E poi ci sono quelle serate epiche, in cui ti riappropri dell’unico senso del calcio, che è passione non spettacolo. Un carico di sentimenti. Speranza è il Verona del primo tempo, che superiore al Torino regalava dolci presagi. Preoccupazione i primi venti minuti del secondo, con la partita che sembrava girarsi. Euforia è Ionita (bravo), strattonato ma ancora in piedi e con la forza di concludere, capace di farci saltare sui tavoli dall’ebbrezza. Paura questa sconosciuta, se Rafael ci avesse avvisati prima: “In settimana come rigorista avevo studiato Quagliarella, ma El Kaddouri lo ricordavo dai tempi del Sud Tirol”, dirà il portiere negli spogliatoi. E poi dicono che l’esperienza è un sostantivo calcisticamente vuoto. Ansia nei minuti finali, ché sennò mica sarebbe stato così bello.

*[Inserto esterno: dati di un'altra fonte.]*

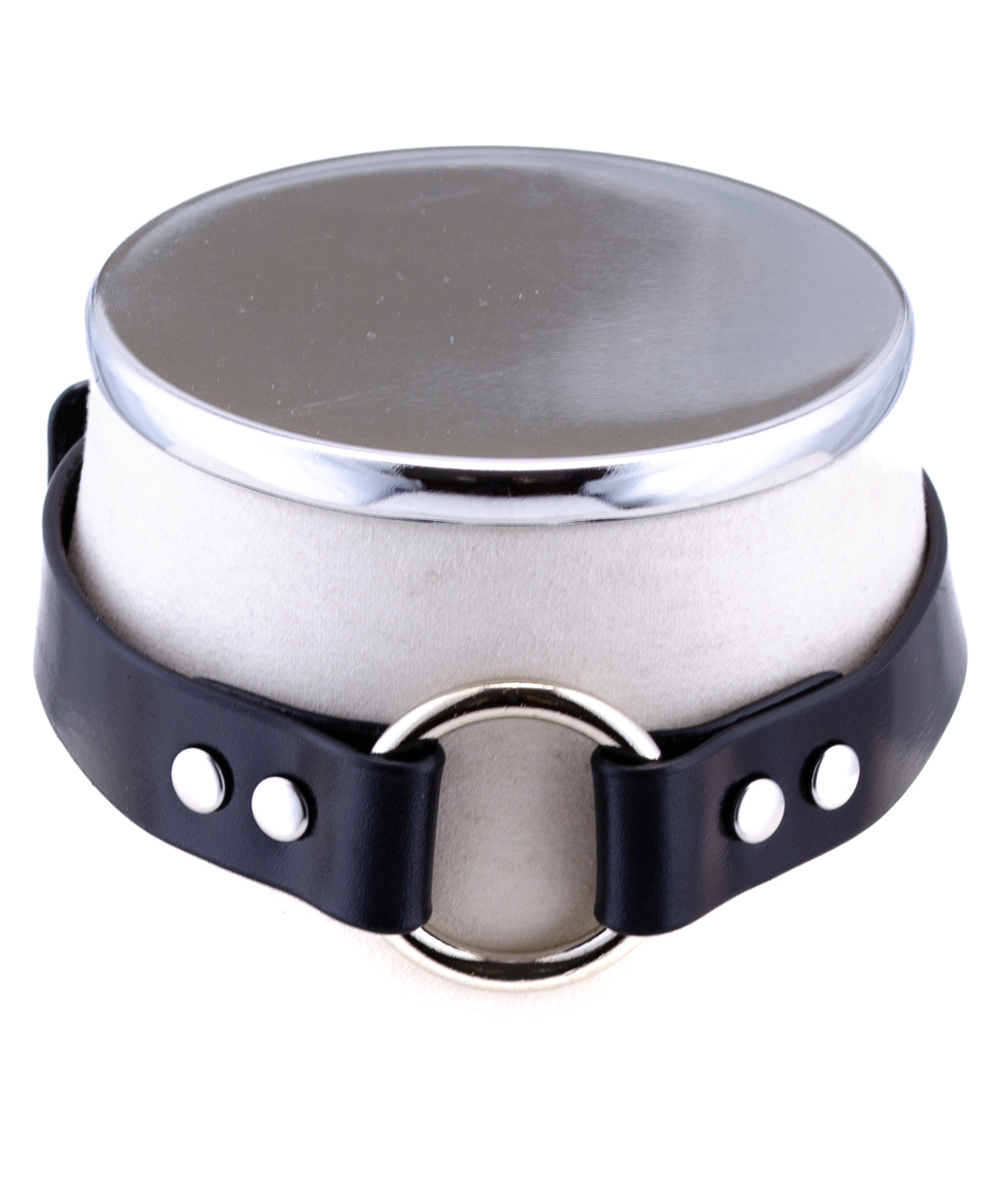 Comfortable and soft, Mia leather collar is a classic O-ring design that will compliment any outfit. It can be worn to a party, during play time or as a kinky accessory to your everyday look. Features silver coloured hardware and laser etched logo.

Sentimenti, solo sentimenti, quindi tutto. La bellissima dedica di Rafael ad Hallfredsson, il “sogno americano” di Ionita, il Verona là in alto che per quelli come me è come riprendersi l’infanzia.  E il lato tecnico? Crescerà con l’inserimento fisso di uno o due elementi davanti in grado di aiutare Toni e piazzare il colpo. Crescerà perché, a centrocampo, Ionita o Campanharo forse non sono solo rincalzi e Tachtsidis ha margini. Crescerà perché Mandorlini alla formazione e alla “quadra” ci sta ancora lavorando. Sì avete capito bene, sebbene da terzi in classifica e con sette punti in tre partite sembra strano dirlo: questa squadra tiene ancora qualcosa per sé ed è stata (riconosciamolo) anche un tantino fortunata. Però la fortuna te la cerchi e il Verona ha due grandi qualità: è forte e, nonostante i cambiamenti, non ha perso il marchio di fabbrica mandorliniano. Tuttavia, guardando il passato, un pericolo lo vogliamo sventare: i cali di tensione anch’essi mandorliniani. Godiamoci una classifica straordinaria, ma col Genoa vietato distrarsi.